• TASK ITEM: Repeat exactly the lines below that lie between the line with "6月26日(周五),恒生指数" and the line with "2年生のペアのお兄さんお姉さ", counting both of those lines as part of the answer.

● ● ● ● ● ● ●

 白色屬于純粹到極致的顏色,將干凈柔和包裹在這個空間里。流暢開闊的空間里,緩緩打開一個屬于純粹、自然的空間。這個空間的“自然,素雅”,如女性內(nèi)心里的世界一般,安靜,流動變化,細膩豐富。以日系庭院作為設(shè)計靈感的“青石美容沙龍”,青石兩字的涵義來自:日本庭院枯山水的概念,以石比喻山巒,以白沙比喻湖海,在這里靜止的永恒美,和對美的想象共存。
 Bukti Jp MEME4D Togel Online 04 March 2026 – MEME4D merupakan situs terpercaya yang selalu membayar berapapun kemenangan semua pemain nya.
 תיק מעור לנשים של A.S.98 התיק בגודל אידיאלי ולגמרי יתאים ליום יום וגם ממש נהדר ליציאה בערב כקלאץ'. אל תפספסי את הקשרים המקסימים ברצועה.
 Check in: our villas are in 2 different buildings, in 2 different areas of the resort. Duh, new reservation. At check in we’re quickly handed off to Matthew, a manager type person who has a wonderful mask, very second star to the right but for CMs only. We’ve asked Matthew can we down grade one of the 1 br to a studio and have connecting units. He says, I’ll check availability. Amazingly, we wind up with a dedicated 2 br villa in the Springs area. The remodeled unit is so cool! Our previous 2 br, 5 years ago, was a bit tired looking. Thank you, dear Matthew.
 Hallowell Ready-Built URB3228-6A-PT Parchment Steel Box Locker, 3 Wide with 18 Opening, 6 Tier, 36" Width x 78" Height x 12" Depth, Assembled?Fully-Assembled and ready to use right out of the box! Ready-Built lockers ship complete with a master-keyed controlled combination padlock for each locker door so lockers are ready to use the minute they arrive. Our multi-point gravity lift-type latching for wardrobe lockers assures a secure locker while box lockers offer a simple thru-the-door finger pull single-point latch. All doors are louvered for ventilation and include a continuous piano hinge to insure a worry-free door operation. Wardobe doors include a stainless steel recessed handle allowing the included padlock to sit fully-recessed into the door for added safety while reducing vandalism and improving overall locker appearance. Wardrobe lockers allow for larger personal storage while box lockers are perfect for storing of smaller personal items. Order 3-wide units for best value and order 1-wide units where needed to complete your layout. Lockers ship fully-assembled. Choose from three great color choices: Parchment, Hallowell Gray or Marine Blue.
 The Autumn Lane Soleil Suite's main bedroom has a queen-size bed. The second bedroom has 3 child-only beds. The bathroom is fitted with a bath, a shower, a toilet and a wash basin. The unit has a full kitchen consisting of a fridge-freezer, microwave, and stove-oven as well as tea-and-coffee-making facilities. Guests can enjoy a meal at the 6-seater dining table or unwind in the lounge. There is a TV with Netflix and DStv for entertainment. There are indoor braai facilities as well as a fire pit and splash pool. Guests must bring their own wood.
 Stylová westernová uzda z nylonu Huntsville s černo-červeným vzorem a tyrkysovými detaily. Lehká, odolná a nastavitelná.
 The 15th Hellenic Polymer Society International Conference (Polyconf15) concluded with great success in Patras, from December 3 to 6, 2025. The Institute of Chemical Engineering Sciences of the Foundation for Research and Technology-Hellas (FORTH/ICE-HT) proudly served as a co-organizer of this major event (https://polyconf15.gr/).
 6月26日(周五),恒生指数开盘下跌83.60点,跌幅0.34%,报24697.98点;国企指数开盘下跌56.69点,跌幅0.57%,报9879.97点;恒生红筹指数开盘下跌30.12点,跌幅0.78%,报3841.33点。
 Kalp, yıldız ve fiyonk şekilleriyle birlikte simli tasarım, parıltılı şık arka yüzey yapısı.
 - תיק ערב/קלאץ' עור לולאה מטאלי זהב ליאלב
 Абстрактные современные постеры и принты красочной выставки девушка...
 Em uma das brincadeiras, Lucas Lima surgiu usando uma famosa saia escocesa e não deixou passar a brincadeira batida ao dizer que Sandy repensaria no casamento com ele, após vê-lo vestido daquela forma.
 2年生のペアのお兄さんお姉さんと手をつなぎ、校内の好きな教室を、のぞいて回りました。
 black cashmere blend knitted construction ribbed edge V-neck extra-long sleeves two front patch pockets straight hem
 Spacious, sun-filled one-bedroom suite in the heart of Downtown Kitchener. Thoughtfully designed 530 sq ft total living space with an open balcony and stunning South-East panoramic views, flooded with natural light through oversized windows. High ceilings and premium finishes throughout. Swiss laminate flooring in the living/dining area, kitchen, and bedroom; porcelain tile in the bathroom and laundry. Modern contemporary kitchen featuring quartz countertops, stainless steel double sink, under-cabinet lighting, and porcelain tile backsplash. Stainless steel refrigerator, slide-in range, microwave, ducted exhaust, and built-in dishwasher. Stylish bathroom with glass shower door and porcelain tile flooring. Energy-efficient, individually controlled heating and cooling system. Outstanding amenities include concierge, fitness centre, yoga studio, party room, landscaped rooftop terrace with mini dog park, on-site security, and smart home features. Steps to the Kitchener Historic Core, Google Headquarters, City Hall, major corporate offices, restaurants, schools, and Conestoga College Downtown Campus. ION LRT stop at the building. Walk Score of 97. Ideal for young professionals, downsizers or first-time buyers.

● ● ● ● ● ● ●

• REPLY:
 6月26日(周五),恒生指数开盘下跌83.60点,跌幅0.34%,报24697.98点;国企指数开盘下跌56.69点,跌幅0.57%,报9879.97点;恒生红筹指数开盘下跌30.12点,跌幅0.78%,报3841.33点。
 Kalp, yıldız ve fiyonk şekilleriyle birlikte simli tasarım, parıltılı şık arka yüzey yapısı.
 - תיק ערב/קלאץ' עור לולאה מטאלי זהב ליאלב
 Абстрактные современные постеры и принты красочной выставки девушка...
 Em uma das brincadeiras, Lucas Lima surgiu usando uma famosa saia escocesa e não deixou passar a brincadeira batida ao dizer que Sandy repensaria no casamento com ele, após vê-lo vestido daquela forma.
 2年生のペアのお兄さんお姉さんと手をつなぎ、校内の好きな教室を、のぞいて回りました。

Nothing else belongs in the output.